For two stories of the most marvelous and improbable character, yet told with wonderful realism and naturalness, the palm for this time will have to be awarded to Arthur Machen, for "The Great God Pan and the Inmost Light," two stories just published in one book. They are fitting companions to the famous stories by Edgar Allan Poe both in matter and style. "The Great God Pan" is founded upon an experiment made upon a girl by which she was enabled for a moment to see the god Pan, but with most disastrous results, the most wonderful of which is revealed at the end of the story, and which solution the reader will eagerly seek to reach. From the first mystery or tragedy follow in rapid succession. "The Inmost Light" is equally as remarkable for its imaginative power and perfect air of probability. Anything in the legitimate line of psychology utterly pales before these stories of such plausibility.—Boston Home Journal.

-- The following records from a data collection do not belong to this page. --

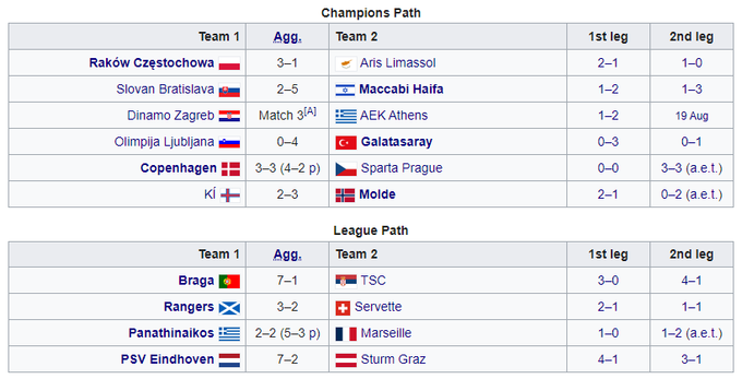 Самым интересным стал матч между командами «Марсель» (Франция) и «Панатинаикос» (Греция). Гостям удалось отыграться по сумме двух игр на 90+9 минуте ударом с точки и выиграть по пенальти.
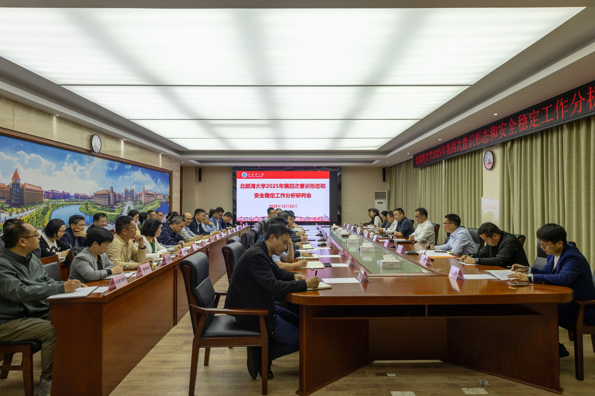12月23日,学校在办公楼523会议室召开2025年第四次意识形态和安全稳定工作分析研判会。校党委书记、校长苗剑传达了上级有关文件精神并讲话,党委常委、副校长马秀明对学校意识形态和安全稳定工作进行总体研判并提出具体要求,党委常委、副校长闫松银出席会议。学生工作处、保卫处、经济管理学院、外国语学院、人文学院依次作分析研判发言。会议强调,校园意识形态与安全稳定工作面临着复杂形势与多重挑战,须始终保持清醒头脑,坚持底线思维。...
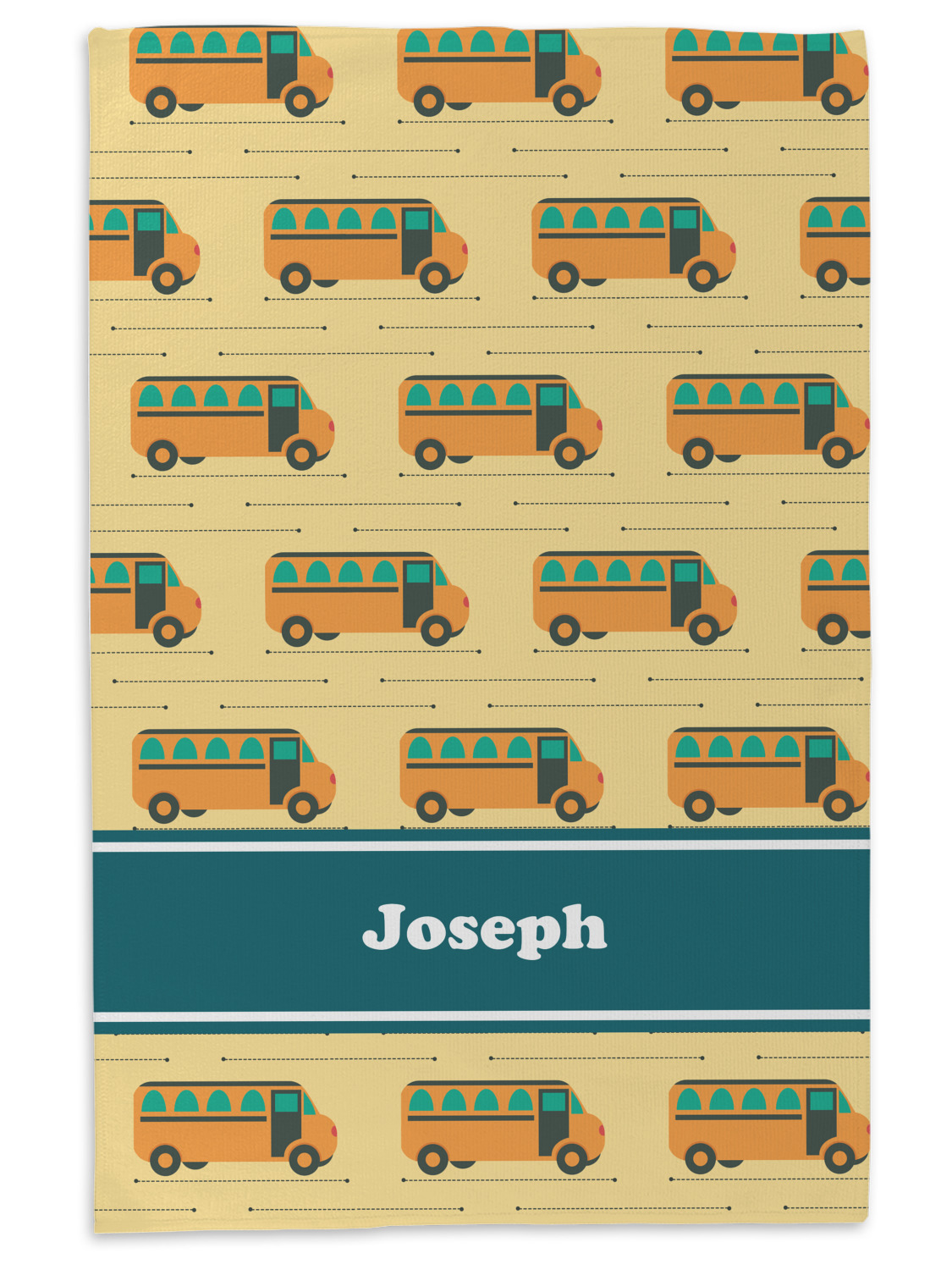 Filled with different shades of yellow, this design will be a cheery one to take to school on their first day! The school buses almost seem like they are in motion on the light yellow background. The teal ribbon is a nice complimentary color and really pops on top of the yellows.
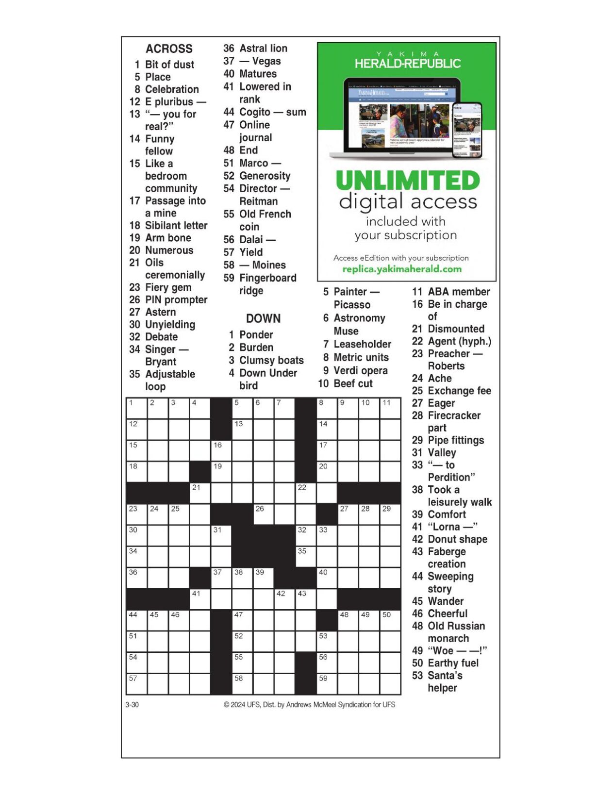 AM Crossword: March 30 2024 Crosswords yakimaherald com
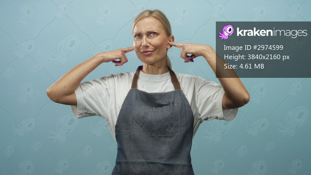 Woman wearing denim apron plugs fingers into ears while squinting in studio with blue backdrop; frustration defiance.

Precisely who the great god Pan of Mr. Machen's first tale is, we did not quite discover when we read it, or, discovering, we have forgotten; but our impression is that under the idea of that primitive great deity he impersonated, or meant to impersonate, the evil influences that attach to woman, the fatality of feminine beauty, which, like the countenance of the great god Pan, is deadly to all who behold it. His heroine is a beautiful woman, who ruins the souls and bodies of those over whom she casts her spells, being as good as a Suicide Club, if we may say so, to those who love her; and to whom she is Death. Something like this, if not this exactly, is, we take it, the interpretation of Mr. Machen's uncanny parable, which is too obscure to justify itself as an imaginative creation and too morbid to be the production of a healthy mind. The kind of writing which it illustrates is a bad one, and this is one of the worst of the kind. It is not terrible, but horrible.—R. H. S. in Mail and Express.
DISCORDS.
A Volume of Stories.
By GEORGE EGERTON, author of "Keynotes."
AMERICAN COPYRIGHT EDITION.
16mo.Cloth.Price, $1.00.
George Egerton's new volume entitled "Discords," a collection of short stories, is more talked about, just now, than any other fiction of the day. The collection is really stories for story-writers. They are precisely the quality which literary folk will wrangle over. Harold Frederic cables from London to the "New York Times" that the book is making a profound impression there. It is published on both sides, the Roberts House bringing it out in Boston. George Egerton, like George Eliot and George Sand, is a woman's nom de plume. The extraordinary frankness with which life in general is discussed in these stories not unnaturally arrests attention.—Lilian Whiting.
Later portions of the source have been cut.